The cast are genius – there’s no denying Nichola McAuliffe as Diana Trent is the star of the show because she naturally steals every scene. Her portrayal of Ms Trent is just hysterical; you can tell through-out that underneath her tough cynical bitterness, there is a woman wanting to love and be loved. Her co-star, Jefferey Holland as Mr Ballard is of equal brilliance with his silliness and cheekiness. A small cast of nine all showcase great talent and create characters we love, loathe and somewhere in-between. 

The set only takes subtle changes through-out, the key set-piece being the two adjoining terraces of Trent and Ballard. It’s a rather simple design, yet it’s effective for the piece and makes it easy to transition to other sets. I rarely mention props in my reviews – but there was one particular ad-lib involving grapes that had the audience in stitches (and even the cast were struggling to contain the laughter!)

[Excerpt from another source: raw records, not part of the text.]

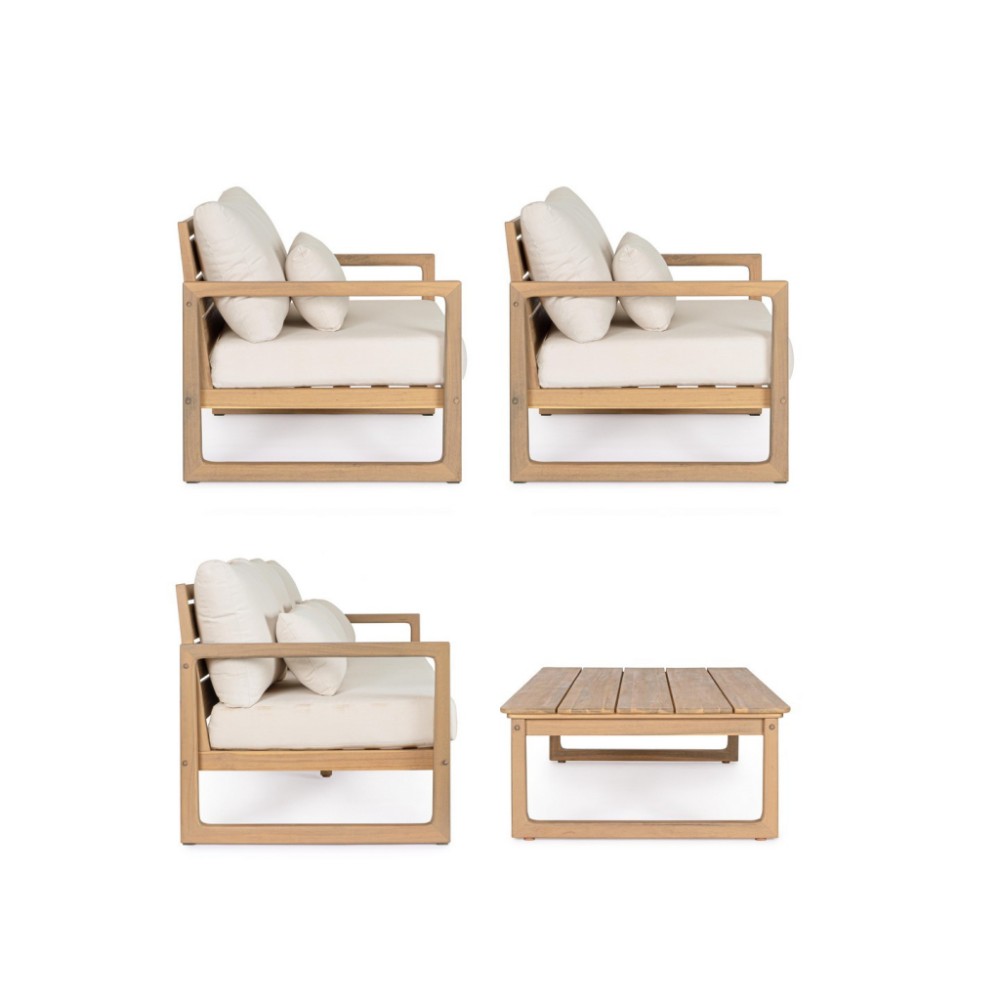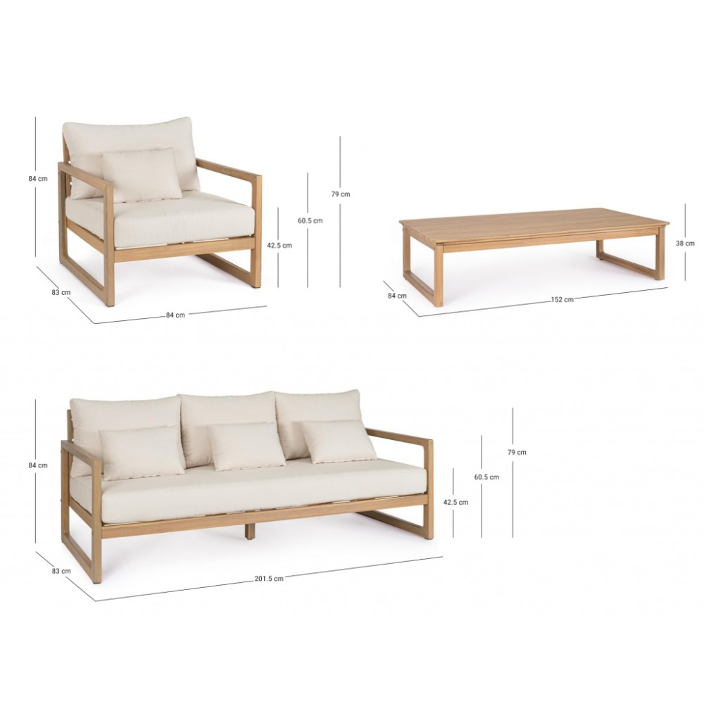 Минимальный заказ данной модели 1 шт. Изделия комплекта предназначены только для домашнего использования. Комплект Adrian предлагает практичное и визуально гармоничное решение для обустройства зон отдыха на террасах, в садах и на патио. Изделия сочетают натуральную древесину акации с современными материалами, обеспечивая долговечность и гармоничный внешний вид. Особенности: Каркас выполнен из акации FSC 100% с отделкой под тик. Съемные чехлы подушек выполнены из Spunpoly (полиэстера230 г/м²). Высота сиденья: 425 мм, высота подлокотников: 605 мм, высота спинки без подушки: 790 мм. Винты выполнены из оцинкованной стали. Столик имеет регулируемые ножки. Состав комплекта: Диван трехместный с подушками, размер: 2015х830х840 мм - 1 шт. Кресло металлическое с подушками, размер: 840х830х840 мм - 2 шт. Столик журнальный металлический, размер: 1520х840х380 мм - 1 шт. Посмотреть инструкцию по сборке. Открыть инструкцию по использованию и уходу.
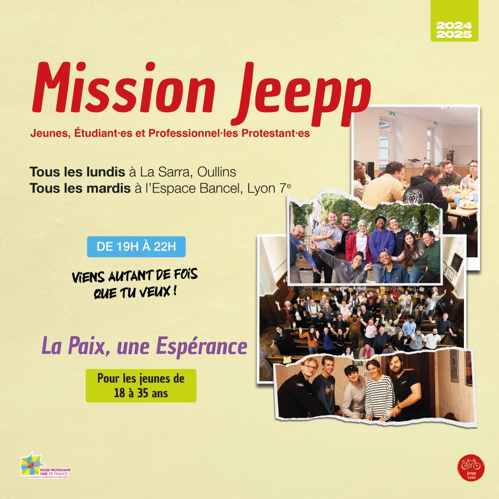 Mission JEEPP est l’acronyme de Jeunes étudiants et professionnels protestants. Son groupe de Lyon a été lancé en 2017, et se rassemble au temple de la Sarra, à Oullins, ou à l’Espace Bancel, à Lyon.
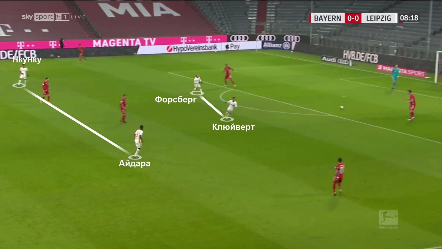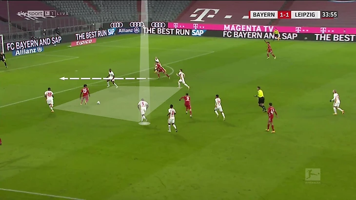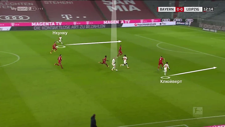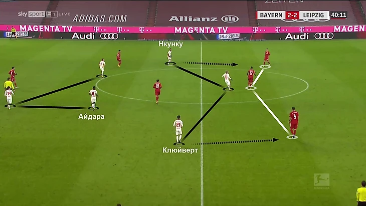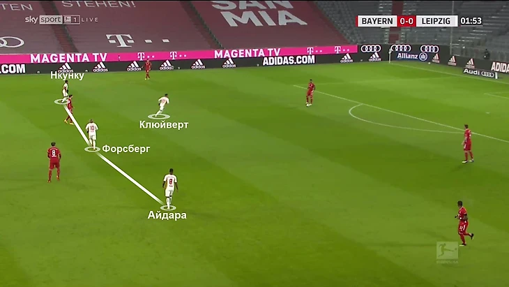 5. «Лейпциг» был готов к такой трансформации «Баварии». При создании тройки они переставали давить привычным образом, а переходили на прессинг с тройкой Нкунку-Форсберг-Клюйверт в 4-3-3:
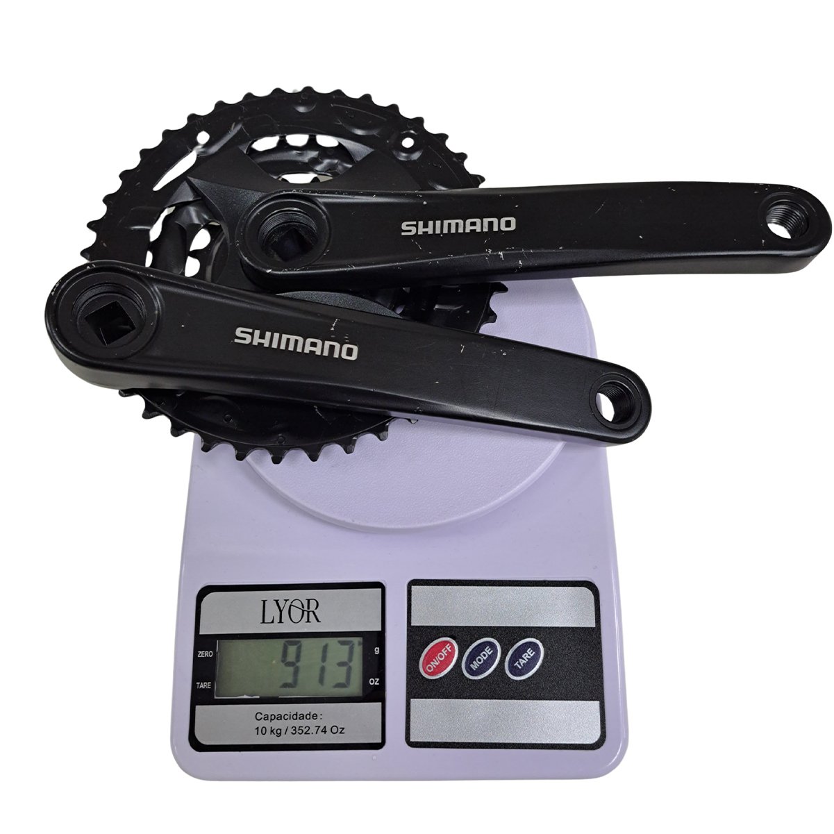 Material: Braços em alumínio forjado / Coroas em aço
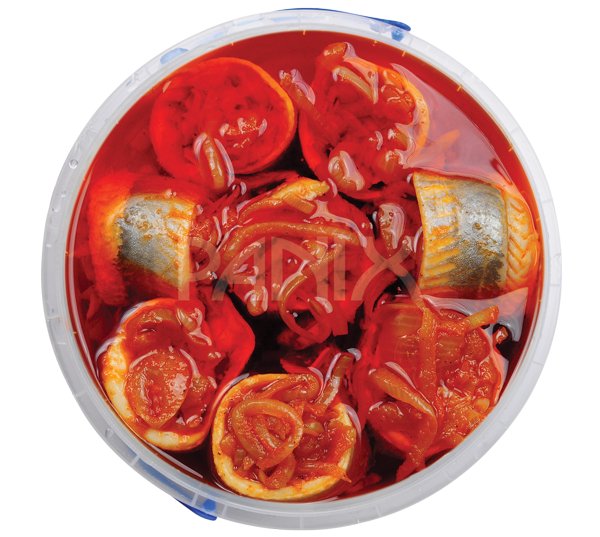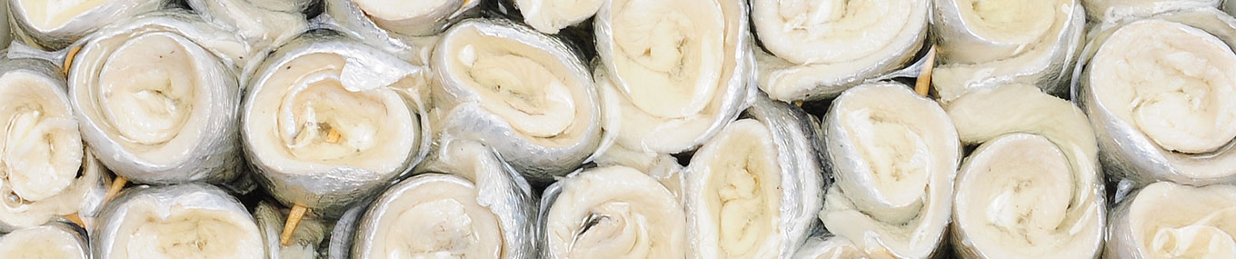 Filetto di aringa marinata, senza pelle, arrotolato con cipolla fritta insieme al concentrato di pomodoro e condimenti; in olio di colza
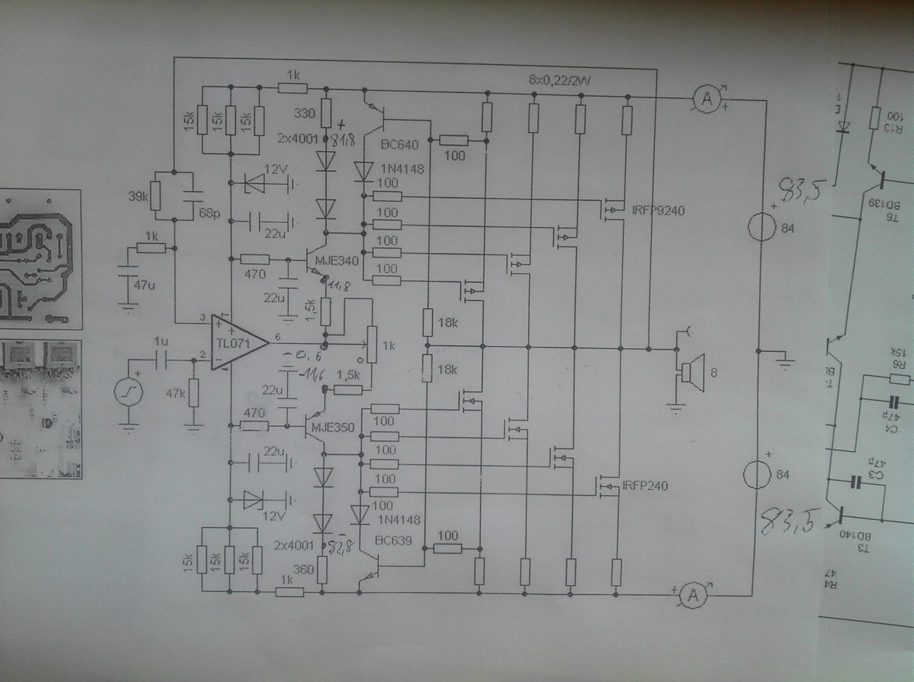 Szia! Hát nem túl informatívak a fotóid. Nézd meg az MJE340/350 tranzisztorokat, az ECB lábkiosztásuknak megfelelően ültetted be?

Overall, this is a darkly funny play with an ounce of naughtiness to it. Though underneath its farcical surface, there are many touching elements – covering subject matters of illness, death, growing old, the views on the elderly and love. It showcases that while growing older may not be brilliant, it doesn’t mean you have to give up the fun. It’s a show probably targeted to an audience slightly older than myself, however a brilliant one worth catching if you can! If you enjoyed the TV series, imagine all the best bits put into two hours; if you don’t recall the series or weren’t a fan, why not take a chance anyway!